Despite the widely hailed plummeting price and time to get a whole-human-genome sequence, it still takes a battery of software applications and a dream team of specialists to analyze, interpret, and apply DNA data in a medically useful way.
Elaine Mardis, Director of Technology Development at the Genome Institute at Washington University, once observed in an essay titled “The $1,000 genome, the $100,000 analysis?” that determining the genetic basis of a disease via whole-genome sequencing requires the expertise of:
“…molecular and computational biologists, geneticists, pathologists and physicians with exquisite knowledge of the disease and of treatment modalities, research nurses, genetic counselors, and IT and systems support specialists, among others. … In other words, even if the cost and speed of generating sequencing data continue their precipitous decreases, the cost of ‘team’ analysis seems unlikely to immediately follow suit.”
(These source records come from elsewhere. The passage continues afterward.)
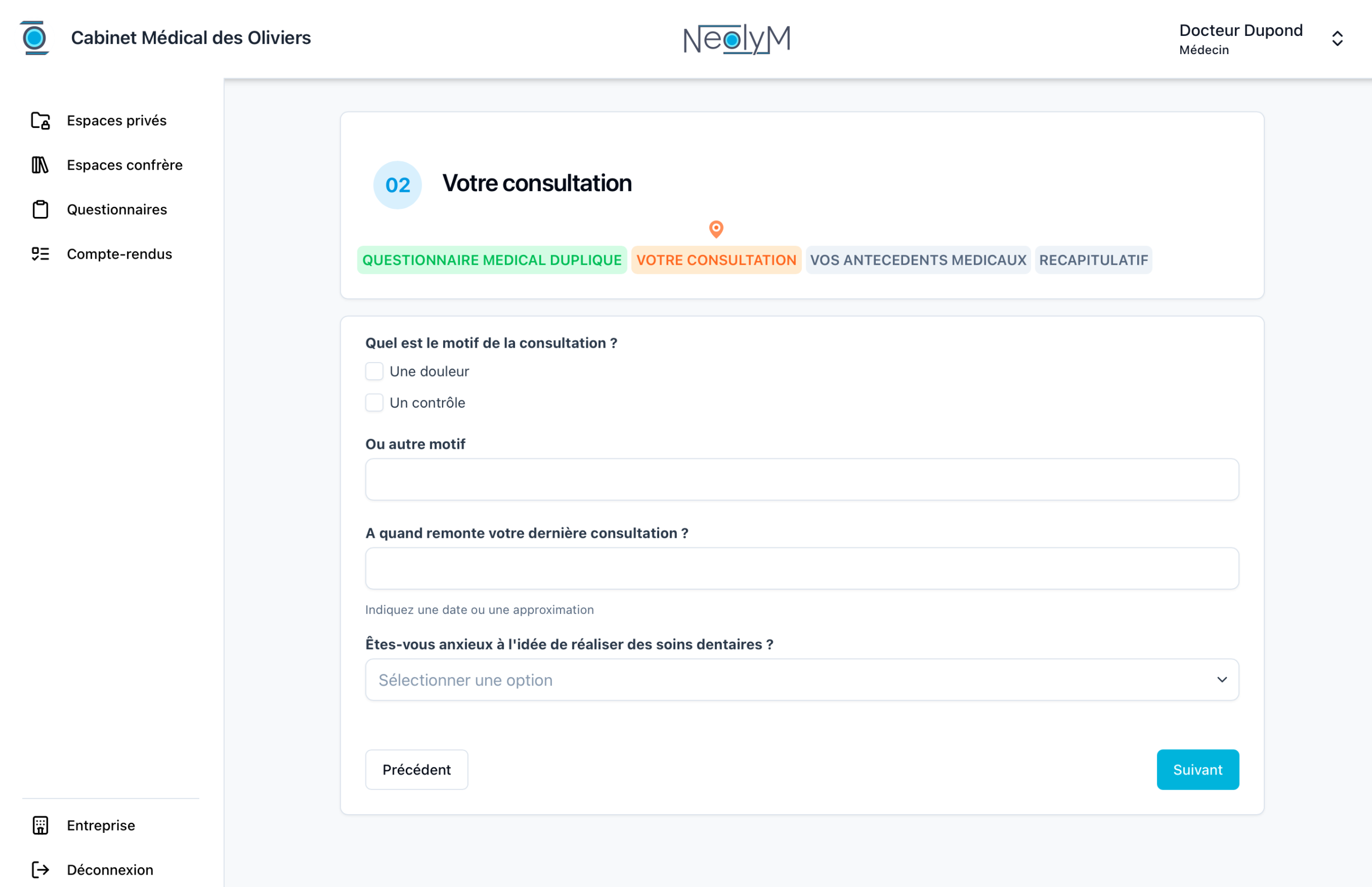 J’utilise Neolym au quotidien pour recueillir les questionnaires de santé de mes nouveaux patients et en conserver une trace formelle signée. Pour les devis, c’est un vrai gain de temps : j’envoie des rappels avec des informations claires sur les actes proposés. Grâce à l’interface, je maîtrise parfaitement les contenus partagés, et mes patients retrouvent facilement les informations données en consultation.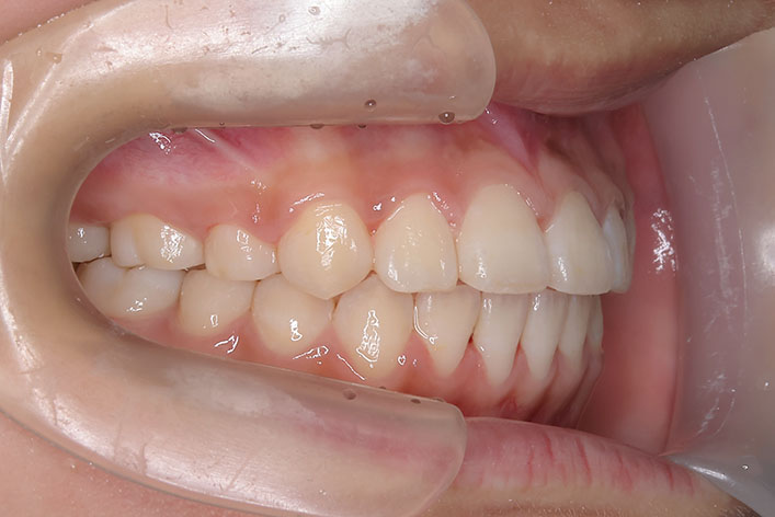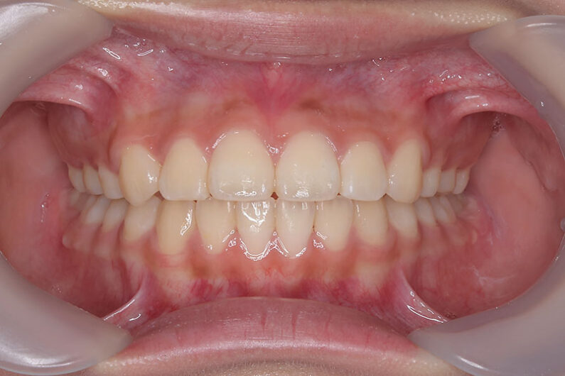 診断から、上顎のみの小臼歯抜歯により治療を開始。仕上げています。 マルチブラケット 動的治療期間 2年7か月 調整回数20回 平均来院間隔1.5か月に1度の来院でした。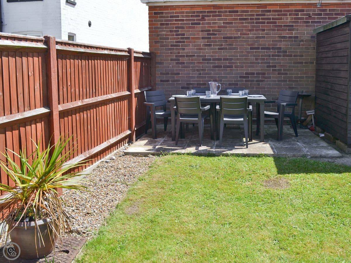 Inside it's got what you need. Washing machine, dishwasher, WiFi. TV. They provide all the bedding and towels. There's a cot and a highchair if you need them. The garden is out the back, it's small but it's yours. No pets, sorry.

A new piece of hardware described in the New York Times this weekend is positioned to substitute for at least a few players on the team. The knoSYSTM100 is a “genome interpretation supercomputer” with enormous storage capacity for running pre-installed DNA analysis software against terabytes of the user’s DNA data. It’s being sold to genomic researchers by the Cambridge, Mass., company Knome for $125,000. Knome’s website proclaims: “sequencing is hard, but interpretation is harder.”
According to the Times:
“The machine tackles a tedious, intensive task, searching for points of difference between a person’s genome and the standard, or “reference,” genome. … The machine’s algorithms examine these differences based on the investigator’s search criteria, looking for medically relevant ones. …Programs might also compare children’s genomes to those of their parents, searching for a genetic cause of rare or inherited diseases.”
To be sure, commercializing access to integrated DNA analysis software is not new. Techonomy reported several months ago about DNAnexus, a company that offers software and massive storage for genomic data on the cloud. And other companies provide similar services online.
But the Times points to a reason the Knome black box might be more attractive to some users: “Because people can be identified by genetic data posted online, the privacy offered by the [Knome] appliance, and its ability to discretely analyze data directly in a lab or office, may be an advantage.” Indeed, Yaniv Erlich, a Whitehead Institute fellow whose recent research into the vulnerability of DNA donor privacy grabbed headlines last month, sits on the Knome advisory board.
Nicolas Robine, bioinformatics scientist at the New York Genome Center questions the premise that many people will be uncomfortable putting DNA on the cloud. “I do think that the case for the security of genomic data in the cloud still has to be proven, but I think it will be proven,” Robine says. But, he adds, “the Knome proposal might push people to think carefully about these two options: a very expensive supercomputer / black box, with one type of analysis being run routinely; or a more flexible model relying on the cloud for heavy computation.”
Robine acknowledges he’s working in an organization created to engage an army of bioinformatics scientists and analysts. He says, “It could be that a smaller, more specialized clinical or medical center will be interested in buying a sequencer and a Knome machine to do their genomic analyses, and completely rely on Knome analyses without the need of in-house, custom-made bioinformatics.”